In a Thursday interview with local news media, Taras Kozak, a member of Ukraine’s securities regulator advisory group, shared new details on Ukraine’s efforts to legalize cryptocurrencies this year, the potential timeline, and tax rates on digital assets’ income.

The expert disagreed with Danylo Hetmantsev, head of the Verkhovna Rada’s Committee on Finance, Tax, and Customs Policy, who forecasted the bill would be passed in the coming months.

On February 7, the lawmaker said the government was working to ensure the crypto law was adopted by summer 2025. Hetmantsev added that the first draft would be “ready for a first reading in the first quarter” of the year, followed by a second reading in Parliament. However, he noted that the lawmakers are still working on the details related to the crypto taxation measures.

As reported by Bitcoinist, Hetmantsev announced in December that the Parliament’s working group was working alongside the National Bank and the International Monetary Fund (IMF) on a draft bill to be introduced in early 2025, aiming to legalize digital assets in the first half of the year.
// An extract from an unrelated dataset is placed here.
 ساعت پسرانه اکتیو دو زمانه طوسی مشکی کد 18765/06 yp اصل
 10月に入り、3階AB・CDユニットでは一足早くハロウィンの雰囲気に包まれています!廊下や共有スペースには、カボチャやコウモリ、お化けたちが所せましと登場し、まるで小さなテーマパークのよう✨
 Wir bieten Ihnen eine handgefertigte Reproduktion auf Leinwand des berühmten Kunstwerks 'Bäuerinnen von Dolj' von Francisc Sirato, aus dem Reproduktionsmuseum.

Kozak disagreed with the lawmaker’s timeline, stating that crypto’s legalization in Ukraine could take until next year. According to the report, the expert is optimistic that the long-awaited bill will pass all the readings in the Verkhovna Rada and be signed by the end of this year.

Under this timeline, crypto would be legalized, and income from digital assets could be taxed starting in 2026.
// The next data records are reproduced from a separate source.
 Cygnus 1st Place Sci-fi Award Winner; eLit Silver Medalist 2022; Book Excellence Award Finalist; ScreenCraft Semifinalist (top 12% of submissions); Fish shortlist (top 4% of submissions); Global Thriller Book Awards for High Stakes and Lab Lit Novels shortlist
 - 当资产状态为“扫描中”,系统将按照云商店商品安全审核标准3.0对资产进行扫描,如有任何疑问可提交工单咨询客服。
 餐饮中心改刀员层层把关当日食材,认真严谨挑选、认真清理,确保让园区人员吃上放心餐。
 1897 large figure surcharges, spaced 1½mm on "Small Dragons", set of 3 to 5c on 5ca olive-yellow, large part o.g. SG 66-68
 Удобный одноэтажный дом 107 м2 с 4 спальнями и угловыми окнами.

Lawmakers Debate Crypto Taxation

The expert affirmed that the final tax rate is key, as Ukrainian investors and businesses using crypto “are not against replenishing the state budget.” According to Kozak, Ukrainians are willing to pay around a 5% tax on their crypto income, but the taxation cannot be delayed anymore.

Ukrainian President Volodymyr Zelensky signed the “On Virtual Assets” law in March 2022, setting the legal framework for regulating the country’s digital asset market. However, the law has not been implemented as it awaits amendments to the Ukrainian Tax Code.

This resulted in the loss of millions in potential tax revenue, as the absence of regulations meant that exchanges had no legal obligations to pay taxes to the Ukrainian authorities for the revenue obtained from crypto assets.

Kozak suggested implementing a small tax, “from 5% to 10%. All citizen income should be taxed because our state lives on this money, our army fights, we buy weapons, and we maintain security,” he stated.

The report affirms the government is considering a standard rate of 18% on personal income plus a 5% military levy. Additionally, investors who can’t prove their initial investments could face up to a 23% tax on their total holdings.

Hetmantsev previously explained that tax exemptions won’t be applied to digital assets as they are taking a “very cautious approach to using cryptocurrencies for tax exemptions” after consulting with the IMF and European experts.